This is a restated version of my original very broad question.
Let $P$ be probability a measure on an interval $[a,b]$ ($-\infty<a<b<\infty$) that's dominated by Lebesgue measure. Let $\langle f, g \rangle_P=\int_{[a,b]} f \cdot g \, dP$ be an inner product for integrable functions associated with $P$ and $\| \cdot \|_{L_2(P)}$ denote the induced $L_2$-norm. Let $f: [a,b] \rightarrow \mathbb{R}$ be integrable and $f \in C^r[a,b]$ for some $r \leq \infty$. Consider approximating $f$ by a trigonometric polynomial $a_0+\sum_{k=1}^K [a_k \cos(kx) + b_k \sin(kx)]$. Let $\pi_{K,P}(f)$ denote the projection of $f$ onto the space of $K$-th order trigonometric polynomials with respect to $\langle \cdot, \cdot \rangle_P$. Consider the approximation error $\| f-\pi_{K,P}(f) \|_{L_2(P)}$. Assume $f$ is not a trigonometric polynomial itself.
I've seen an upper bound of this error that looks like $C K^{-r}$ when $r < \infty$ and is derived from the $L_\infty$ error (https://www.springer.com/us/book/9783540506270). Is there a lower bound for the $L_2(P)$ error, ideally with the same structure as the upper bound (maybe under mild conditions)? Also, what would be the upper bound and lower bound if $r=\infty$? I'm particularly interested in the case where $f(x)=x$.
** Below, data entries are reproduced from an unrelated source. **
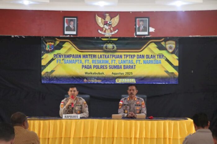 WAIKABUBAK, || Kapolres Sumba Barat AKBP Yohanis Nisa Pewali, S.S., M.H., membuka secara resmi kegiatan Pelatihan Kemampuan Tindakan Pertama di Tempat Kejadian Perkara (TPTKP) yang digelar oleh Bagian SDM Polres Sumba Barat, Kamis (21/8/2025). Kegiatan ini diikuti oleh personel dari berbagai satuan kerja di jajaran Polres Sumba Barat.
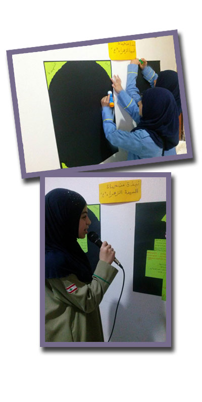 إحياءا للأيّام الفاطميّة، نفّذت زهرات ومرشدات فوج السيّدة نرجس/ الجميجمة في قطاع الأوسط _ مفوضيّة جبل عامل الأولى لوحة حائط تضمّنت معلومات عن شخصيّتها وحياتها (عليها السلام).
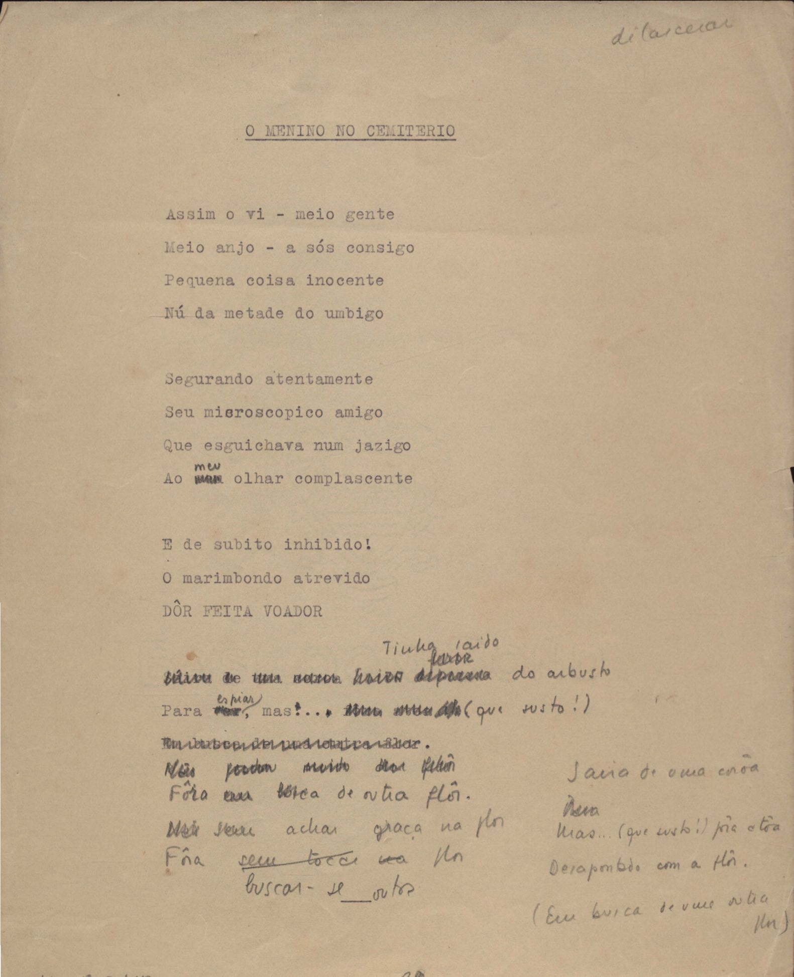 Este documento faz parte do dossiê VMPI248, "Poemas esparsos", que contempla poemas datados entre 21 ago. 1927 e 8 dez. 1971. Destes poemas, 401 são esboços e não possuem título (cf. registro VM0PI248_1_232). Estes originais não podem ser tomados como obra inédita. Ideias, tentativas, escritos inacabados, abandonados ou aproveitados posteriormente com outra forma compõem o dossiê.

You may take $[a,b]$ to be any interval you want for convenience.
I would be very happy if you know of any results of this kind, perhaps under similar settings (e.g. a different notion of smoothness for $f$ in terms of Soblev spaces).
Original question:
Let $P$ be probability a measure on an interval $[a,b]$. Let $\langle f, g \rangle_P=\int_{[a,b]} f \cdot g \, dP$ be an inner product for integrable functions associated with $P$ and $\| \cdot \|_{L_2(P)}$ denote the induced $L_2$-norm. Let $f: [a,b] \rightarrow \mathbb{R}$ be integrable. Let $\phi_1,\phi_2,\ldots: [a,b] \rightarrow \mathbb{R}$ be a basis and I want to use $\sum_{k=1}^K \beta_k \phi_k$ to approximate $f$ for some $\beta_k \in \mathbb{R}$. In particular, let $\pi_{K,P}(f)$ denote the projection of $f$ onto $Span\{\phi_1,\ldots,\phi_K\}$ with respect to $\langle \cdot, \cdot \rangle_P$. Consider the approximation error of $\pi_{K,P}(f)$: $\| f-\pi_{K,P}(f) \|_{L_2(P)}$.
I know there are results on the upper bound of this error. But is there a more accurate estimate (not just an upper bound)? Or is there a lower bound? If so, can you provide a reference?
Here I always assume $f$ is not a linear combination of $\phi_1,\phi_2,\ldots$, i.e. $\pi_{K,P}(f) \neq f$ for any $K<\infty$ and any $P$, so there might be a nontrivial lower bound.
You may consider simplified/restricted versions of this problem. For example, you may take $\phi_k=x^{k-1}$ or $\phi_{2k-1}=\cos((k-1)x), \phi_{2k}(x)=\sin(kx)$ (trigonometric polynomial); you may take $[a,b]=[0,1]$ or $[a,b]=[0,2\pi]$.
You may add other assumptions on $f$ or $P$ as long as they are not too restrictive. For example, assume $f$ is continuously differentiable up to some order or infinitely differentiable; or, assume $P$ is dominated by Lebesgue measure.
Edit 1: Let me try to be more specific. Is there a lower bound of the approximation error when $f(x)=x$ and I use a trigonometric polynomial (with both $\sin$ and $\cos$ series) to approximate? You may assume $[a,b]=[0,2\pi],[0,\pi],[-\pi,\pi]$ or whatever finite interval as you want. The probability measure $P$ has no special property. If necessary, you may assume $P$ is dominated by Lebesgue measure.
Edit 2: Just want to emphasize that I only care the behavior on a finite interval $[a,b]$ instead of the whole real line, so if I use trigonometric polynomial for approximation, I feel $f(x)=x$ not being periodic should not make the approximation behave super badly.